Summary of a presentation from NAWL’s 14th Biennial Conference
In the Fall of 2001, the Supreme Court of Canada heard Louise Gosselin’s Charter claim to an adequate level of social assistance (Gosselin v. The Attorney General of Québec, 27418, decision reserved). Gosselin raises important questions regarding whether states have a positive duty to provide social and economic rights and whether these rights are justifiable. In turning down Louise Gosselin’s claim to social assistance, the Quebec Court of Appeal noted, “these are issues upon which elections are won and lost” ([1999] J. Q. no 1365 (Que. C. A.). The Court of Appeal’s decision reflects the long-standing position of most governments in Canada, namely, that social and economic rights are best left to legislatures.
As a member of the Organization of American States (OAS), Canada is bound by the OAS Charter and the Declaration on the Rights and Duties of Man. However, Canada has not ratified other human rights treaties relevant to the Americas. This is unfortunate because the Inter-American system recognizes that governments have a duty to protect and secure social and economic rights for those living within their jurisdiction, and that these rights are enforceable by courts.
One of the most pressing questions for advocates is how the social and economic norms recognized within the American system can be creatively harnessed. In particular, how can they be used to persuade Canadian judges that governments have a positive obligation to provide social and economic rights, and that courts can enforce these rights where governments fail to act? Can advocates appeal to unratified as well as ratified treaties? If so, how?

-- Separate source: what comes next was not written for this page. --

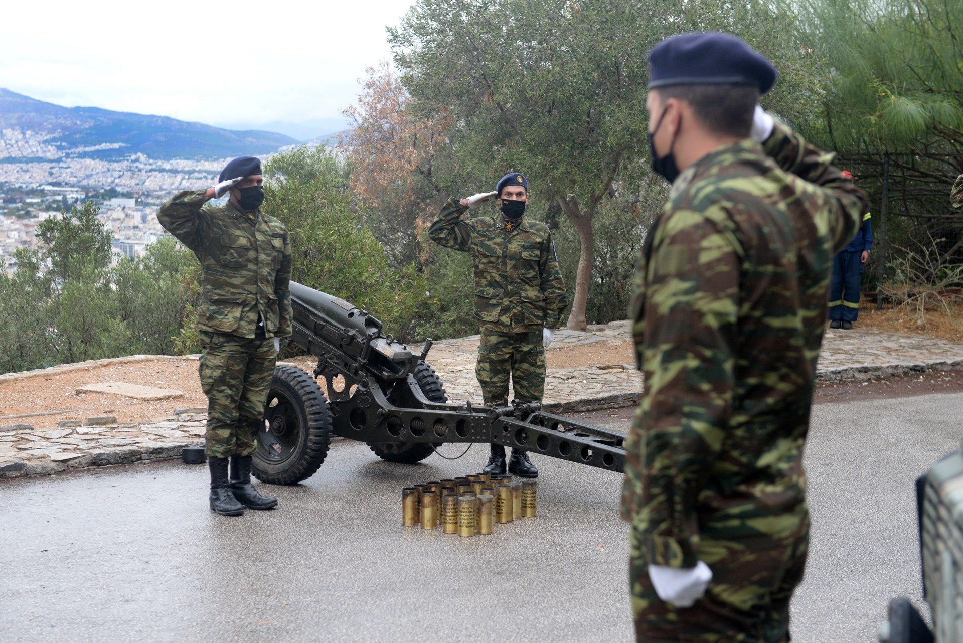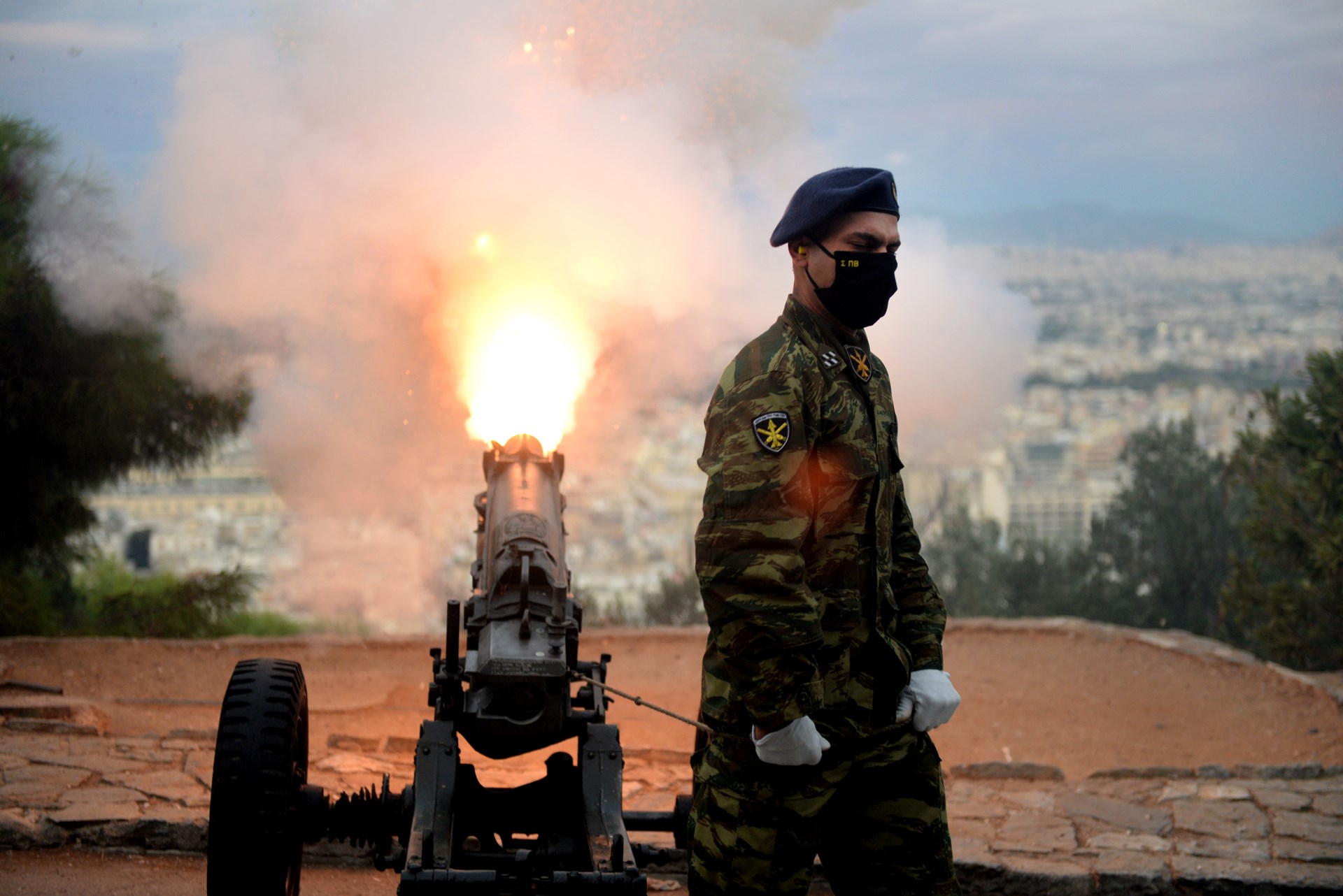 Εντυπωσιακές οι βολές πυροβολικού από τον Λυκαβηττό.

An analysis of the rationales invoked by judges who have used international human rights law in their decisions indicates that international law influences judicial decision-making in five interdependent yet discrete ways. Each of these rationales says something about the ways in which norms from the Inter-American system can be woven into domestic advocacy and how these norms work as instruments of persuasion.
The following five rationales are invoked by judges to justify their reliance on international norms.
* Courts should hold governments accountable under human rights treaties because governments should not be allowed to act hypocritically (“the rule of law imperative”).
* Regional human rights instruments provide a statement of what states must do to recognize and promote the inherent dignity of all human beings (“the natural law impulse”).
* Regional treaties help “show the values” of Canadian society (“the introspection rationale”).
* An examination of law from other jurisdictions, including regional treaties, leads to more informed, sensitive, and hence effective decision-making (“judicial world-travelling”).
* Judges need to build relationships with judges in other jurisdictions and want to avoid embarrassment when their decisions are read in other jurisdictions (“globalized self-awareness”).
At the same time that we turn to the Inter-American system to promote social and economic rights, we must acknowledge that neither domestic nor international human rights law maintains an exclusive hold on progressive human rights norms. The challenges for human rights advocates and scholars in the era of globalization extend beyond understanding the creative advocacy potential available through international human rights norms. We must develop a set of principles that frames the relationship between the national and international in a way that secures the progressive development of social and economic rights. The principle of non-retrogression represents the starting point.
The principle of non-retrogression is a principle of international law that holds that a rights claimant is entitled to the rights regime that affords the highest level of available protection. This principle is included as a specific clause in numerous international conventions including the American Convention on Human Rights. One of the primary objectives of human rights advocacy should be to entrench the principle of non-retrogression as a general principle applicable to all human rights adjudication.
Reem Bahdi is director of the Women’s Human Rights Resources at the University of Toronto and the Equality Advisor of the Canadian Bar Association. She is Vice Chair of CultureLink Settlement Services and a member of the Board of Directors of The Ontario Council of Agencies Serving Immigrants (OCASI) and the Near East Cultural Education Foundation.